The Consular Bureau is charged with correspondence with the consular service. The variety of this correspondence cannot be guessed by those unfamiliar with the Consular Reports, but its extent may be inferred from the fact that out of 1,000 officers in this service, perhaps half of them correspond with the Department. In addition to the above, this bureau has much to do by way of interview with consular officers coming and going. Moreover, this bureau has charge of examinations of applicants, and after a candidate is appointed it furnishes the particular instructions for the position in view. This Bureau must keep itself informed as to the personnel of the service, and must even send inspectors to the various consulates and report thereupon. “Recently”, we are told, “the Chief of the Bureau personally visited over one hundred consulates in Cuba, Mexico, Canada, Europe, India, China, and Japan”.

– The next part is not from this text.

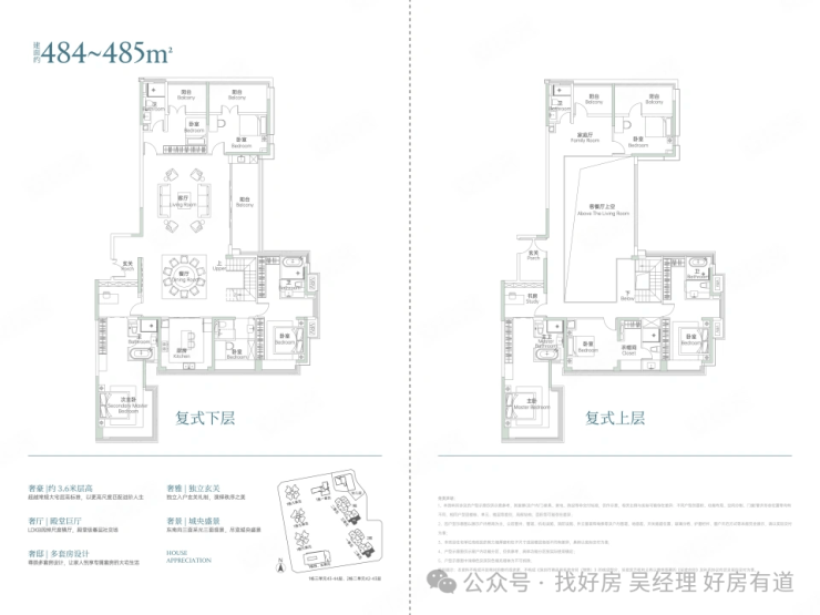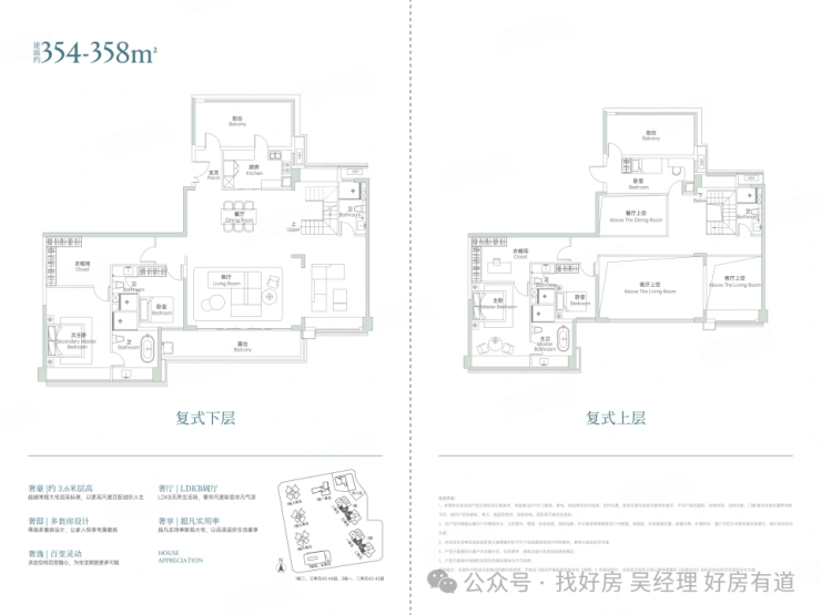 354-358㎡ 和 484-485㎡ 户型为顶复结构,分别位于2栋1单元和2栋2单元。这些超大户型空间极为宽敞,功能分区明确,堪称“空中豪宅”,不仅能在室内骑自行车,甚至看汽车都没问题。

Last and most important of all, politically, is the Diplomatic Bureau. Its dealings are with our own diplomatic officials at foreign capitals, and with foreign diplomats at Washington. It is chiefly concerned, as we are told, with the “examination, consideration and discussion of diplomatic subjects, such as treaties, claims, questions of international law, and policy, etc.”

So this last sentence is the only tantalizing peep we are allowed to have within the sanctuary of the State Department. This Bureau with which the Secretary and his three Assistants are chiefly concerned shares its secrets with very few. The expediency of observing secrecy in international politics was noticed before; but there is another side to the question which most of us see and perhaps some of us talk about, and that is the point in negotiations at which the government may take the public into its confidence.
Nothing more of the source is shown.